Hier geht es übrigens zur "offiziellen" PCGH-News: https://www.pcgameshardware.de/Inte...t-Server-in-Deutschland-abgeschaltet-1333569/


----------



## Zwiebo (29. September 2019)

*AW: Polizei stürmt Darknet-Rechenzentrum in Rheinland-Pfalz*



RyzA schrieb:


> Ich meine den Hauptverdächtigen
> 
> 
> 
> ...



Warum glaubt das keiner? Fast die Hälfte im Dark Net ist nicht illegal*. Bulletproof kann auch zum Beispiel für einen Iraner interessant werden, der eine Seite für Homosexuelle erstellt, oder einen Ägypter, der einen Blog zum Thema Polizeigewalt hat. Wenn der Betreiber so argumentiert, könnte ich mir vorstellen, dass er nicht lange Probleme hat. Für Kriminalität brauch ich keine speziellen Server. Wenn ich mir bei 1&1 einen Server miete, kann ich da auch einen Darknet Shop drauf betreiben. 

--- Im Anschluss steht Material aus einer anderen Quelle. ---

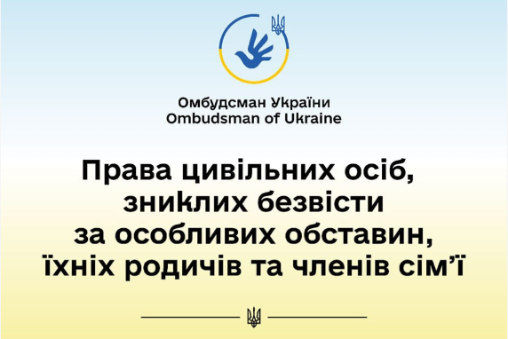 Уповноважений Верховної Ради України з прав людини Дмитро Лубінець нагадує, що особа, зникла безвісти за особливих обставин, має всі права, гарантовані Конституцією та законами України, а також має право на всебічне розслідування обставин її зникнення та встановлення її місцеперебування.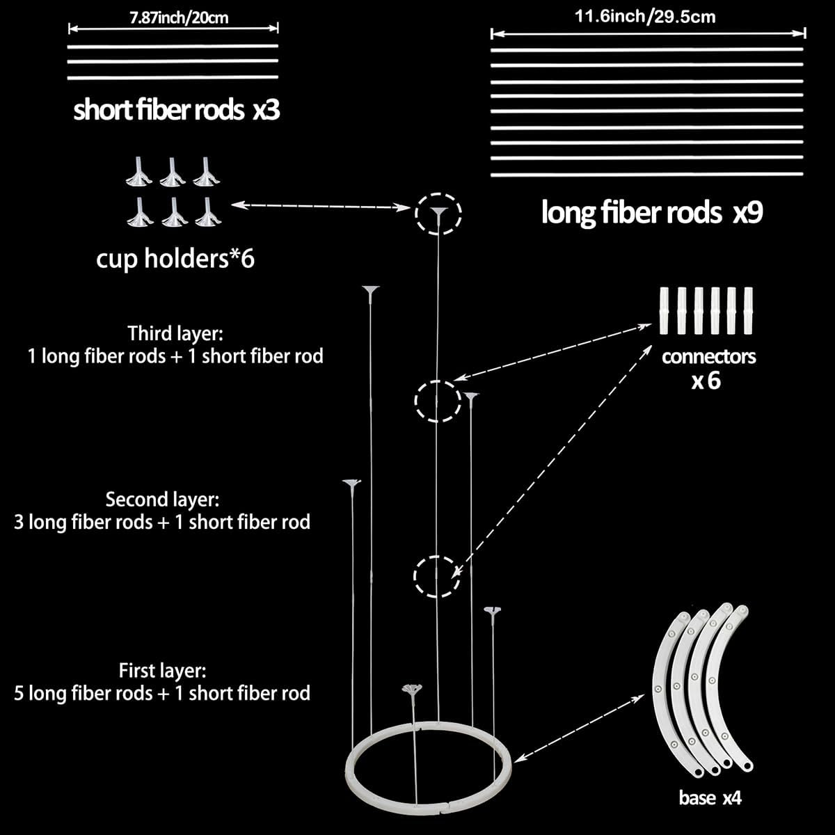 Design stabile: il nostro supporto per palloncini da tavolo è realizzato in plastica di alta qualità, resistente e riutilizzabile. Il fondo rotondo offre una buona stabilità, evitando che i bastoncini del palloncino si ribaltino o cadano durante l'uso. Ampia applicazione: questo supporto per palloncini è adatto a varie occasioni, come matrimoni, feste di compleanno, baby shower, anniversari, Halloween, Natale. Può essere utilizzato come centrotavola o per decorare qualsiasi stanza. Facile da usare: il kit arco per palloncini è facile da montare. Basta inserire i bastoncini dei palloncini nei fori sulla parte superiore del supporto, quindi gonfiare i palloncini con aria o elio. Il supporto per palloncini è progettato per contenere palloncini di diverse dimensioni. Design unico: rispetto ai tradizionali supporti per palloncini, i nuovi bastoncini per palloncini modellabili hanno forme variabili e un senso di gerarchia più forte. La confezione include: riceverai 2 supporti per palloncini, ogni set include 3 aste in fibra corta, 9 aste in fibra lunga, 6 tazze per palloncini, 6 connettori e 4 basi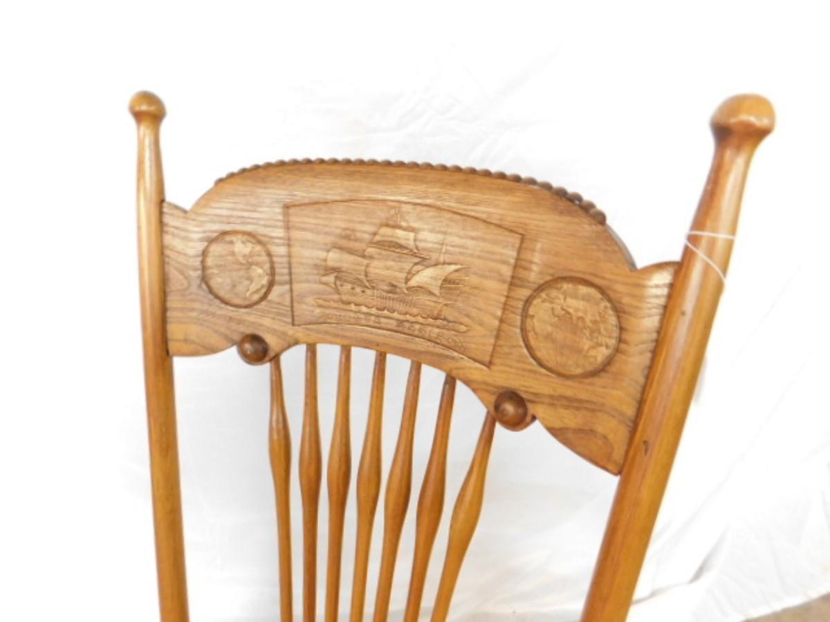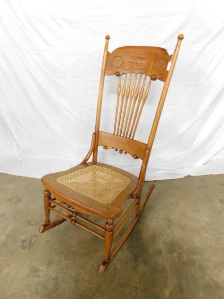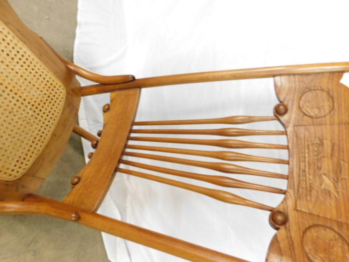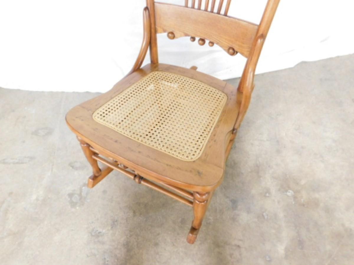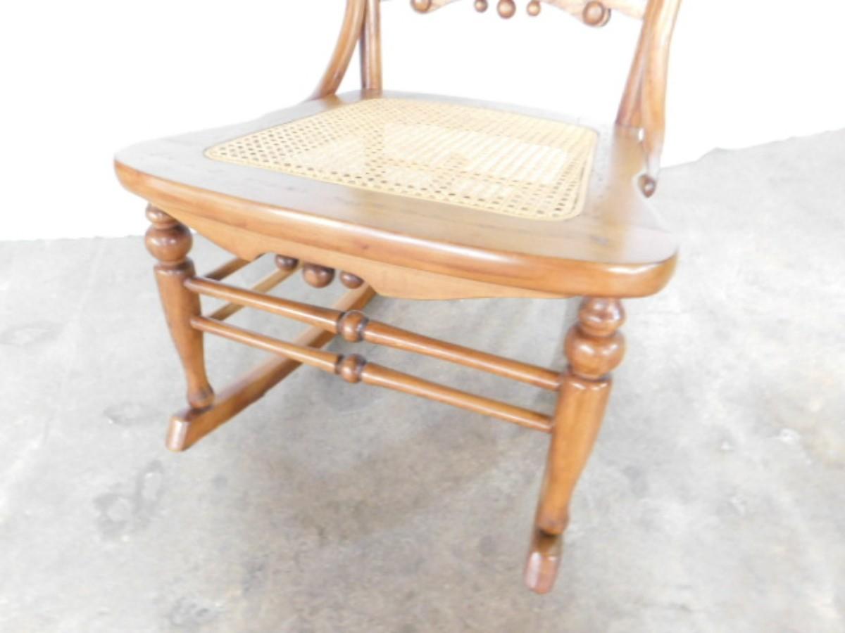 Antique Wood Rocker with Stick and Ball Accents and Cane Seat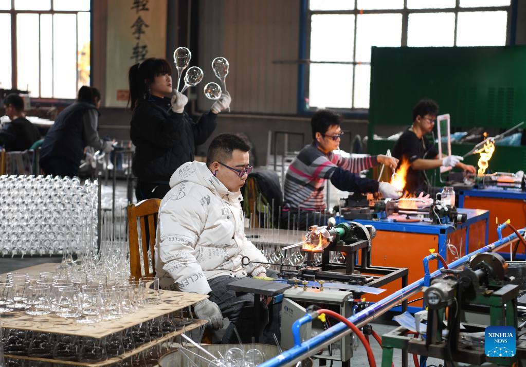 Workers make glasswork at the workshop of a company in Hejian City, north China's Hebei Province, Feb. 11, 2023. Hejian City is famous for its glasswork making industry. Now, there are more than 200 glasswork making companies and over 60,000 staff members involved in the industry in Hejian. The annual output of the glasswork reached nearly 10 billion yuan (about 1.47 billion U.S. dollars) and the glasswork has been exported to over 50 countries and regions. (Xinhua/Mu Yu)

Warum das Darknet besser ist als sein Ruf - SPIEGEL ONLINE



*hier noch was dazu aus Wikipedia. Diverse andere Studien lassen sich auch über Google finden: 
Aufgrund der Eigenschaften des Darknets werden erhebliche Möglichkeiten für kriminelle Aktionen, wie etwa illegalem Drogen- oder Waffenhandel gesehen. Dahingehende kriminalistische Ermittlungen werden in jüngerer Zeit verstärkt durchgeführt.[5] Eine Anfang Februar 2016 veröffentlichte Studie des britischen Thinktanks International Institute for Strategic Studies[6] stufte 57 Prozent von 5205 untersuchten aktiven Seiten im Darknet inhaltlich als „illegal“ ein. Jedoch würde über ein Drittel der Angebote legal genutzt, darunter auch Hidden Services wie jene von Facebook oder Mailbox.org.[7][8] Constanze Kurz, Sprecherin des Chaos Computer Clubs (CCC), kritisierte auf netzpolitik.org eine einseitige Sicht der Massenmedien auf das Darknet; so würden „verschlüsselte Netzwerke genauso von Journalisten, von Menschenrechtsorganisationen, von Whistleblowern oder von Menschen, die sich aus anderen Gründen schützen müssen, verwendet


----------



## RyzA (29. September 2019)

*AW: Polizei stürmt Darknet-Rechenzentrum in Rheinland-Pfalz*

Das mag sein. Aber der Großteil dort sind kriminelle Machenschaften.
Weil sie schlechter zu verfolgen sind. 
Und das wissen solche Leute ganz genau.


----------



## Mahoy (29. September 2019)

*AW: Polizei stürmt Darknet-Rechenzentrum in Rheinland-Pfalz*



RyzA schrieb:


> Das mag sein. Aber der Großteil dort sind kriminelle Machenschaften.
> Weil sie schlechter zu verfolgen sind.



Das kann kein Argument sein. Verbrechen haben es so an sich, dass sie überwiegend dort begangen werden, wo der/die Täter unbeobachtet sind oder sich zumindest unbeobachtet fühlen.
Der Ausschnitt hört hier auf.